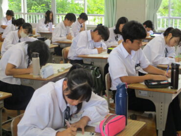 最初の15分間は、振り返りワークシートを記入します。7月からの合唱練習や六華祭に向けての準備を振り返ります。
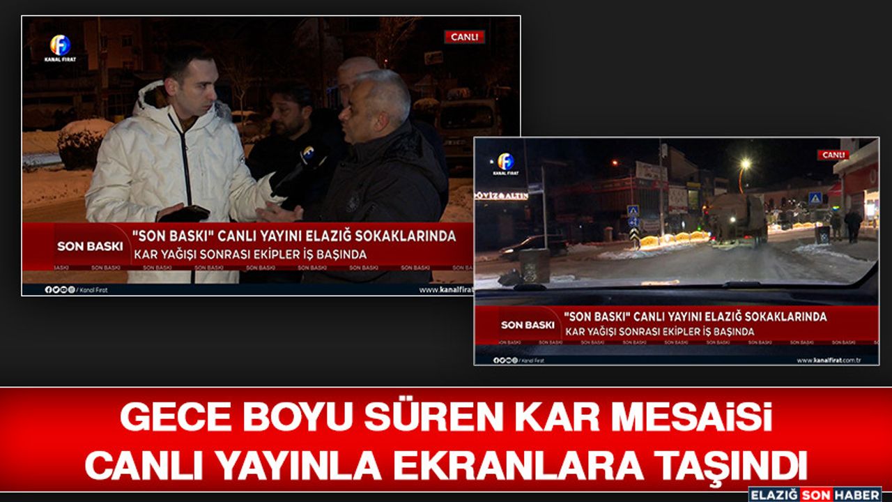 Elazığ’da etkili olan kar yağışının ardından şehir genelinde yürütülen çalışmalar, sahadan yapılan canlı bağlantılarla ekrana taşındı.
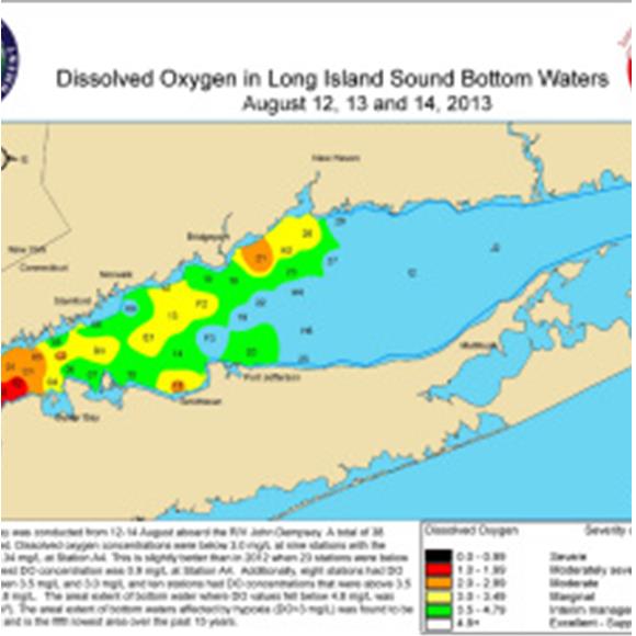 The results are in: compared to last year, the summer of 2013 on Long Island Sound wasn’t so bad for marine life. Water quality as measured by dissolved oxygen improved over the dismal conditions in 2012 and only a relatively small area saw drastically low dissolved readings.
---
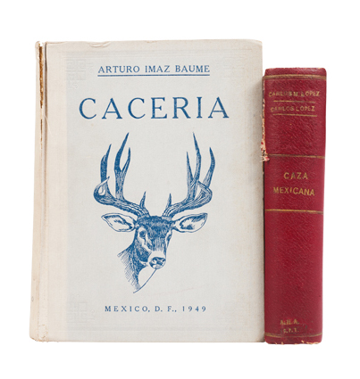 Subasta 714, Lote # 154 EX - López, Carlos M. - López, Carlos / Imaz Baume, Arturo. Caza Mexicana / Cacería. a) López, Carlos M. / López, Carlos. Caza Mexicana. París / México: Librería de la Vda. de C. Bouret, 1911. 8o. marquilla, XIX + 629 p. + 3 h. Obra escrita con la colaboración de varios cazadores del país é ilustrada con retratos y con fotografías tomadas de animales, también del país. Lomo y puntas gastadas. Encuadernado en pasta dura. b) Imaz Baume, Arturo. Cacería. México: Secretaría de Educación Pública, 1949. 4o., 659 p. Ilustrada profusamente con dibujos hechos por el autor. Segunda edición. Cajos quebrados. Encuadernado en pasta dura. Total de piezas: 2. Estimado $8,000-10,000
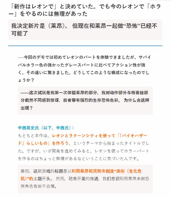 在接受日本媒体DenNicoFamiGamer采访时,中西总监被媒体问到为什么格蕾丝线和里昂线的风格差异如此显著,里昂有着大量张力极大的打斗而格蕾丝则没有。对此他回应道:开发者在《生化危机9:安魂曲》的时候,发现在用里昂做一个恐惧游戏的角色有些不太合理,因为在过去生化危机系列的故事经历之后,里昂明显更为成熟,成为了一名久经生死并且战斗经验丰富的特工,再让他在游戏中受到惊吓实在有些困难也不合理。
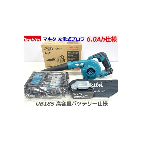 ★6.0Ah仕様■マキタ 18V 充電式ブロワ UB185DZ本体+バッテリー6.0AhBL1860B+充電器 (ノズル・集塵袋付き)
* * *
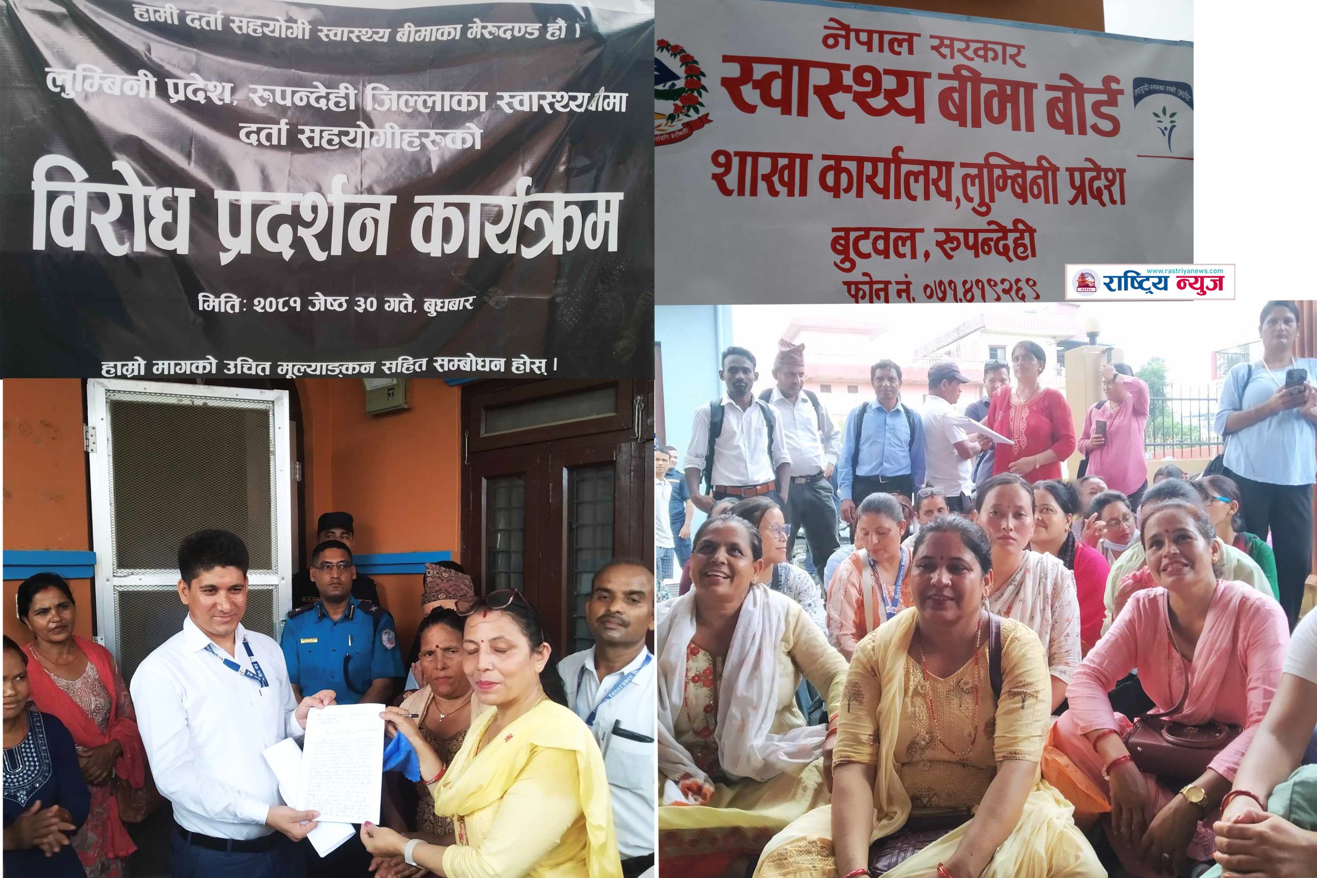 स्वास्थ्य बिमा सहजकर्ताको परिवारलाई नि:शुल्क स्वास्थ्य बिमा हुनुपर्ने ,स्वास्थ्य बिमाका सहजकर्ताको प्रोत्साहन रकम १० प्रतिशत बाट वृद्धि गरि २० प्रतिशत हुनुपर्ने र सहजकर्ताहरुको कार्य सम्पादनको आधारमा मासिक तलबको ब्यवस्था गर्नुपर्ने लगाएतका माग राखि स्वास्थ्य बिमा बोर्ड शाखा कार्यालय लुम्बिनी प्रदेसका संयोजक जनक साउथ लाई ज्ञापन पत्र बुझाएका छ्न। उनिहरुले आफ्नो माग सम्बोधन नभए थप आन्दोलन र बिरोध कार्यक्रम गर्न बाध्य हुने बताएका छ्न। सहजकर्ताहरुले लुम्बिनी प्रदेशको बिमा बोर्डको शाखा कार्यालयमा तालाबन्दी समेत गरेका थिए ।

■ **Problem to solve**: In the entries above, every line from the line with "最初の15分間は、振り返りワ" to the line with "The results are" is to be printed exactly, with both ends included and pictures excluded.

■ **Task response**:
 最初の15分間は、振り返りワークシートを記入します。7月からの合唱練習や六華祭に向けての準備を振り返ります。
 Elazığ’da etkili olan kar yağışının ardından şehir genelinde yürütülen çalışmalar, sahadan yapılan canlı bağlantılarla ekrana taşındı.
 The results are in: compared to last year, the summer of 2013 on Long Island Sound wasn’t so bad for marine life. Water quality as measured by dissolved oxygen improved over the dismal conditions in 2012 and only a relatively small area saw drastically low dissolved readings.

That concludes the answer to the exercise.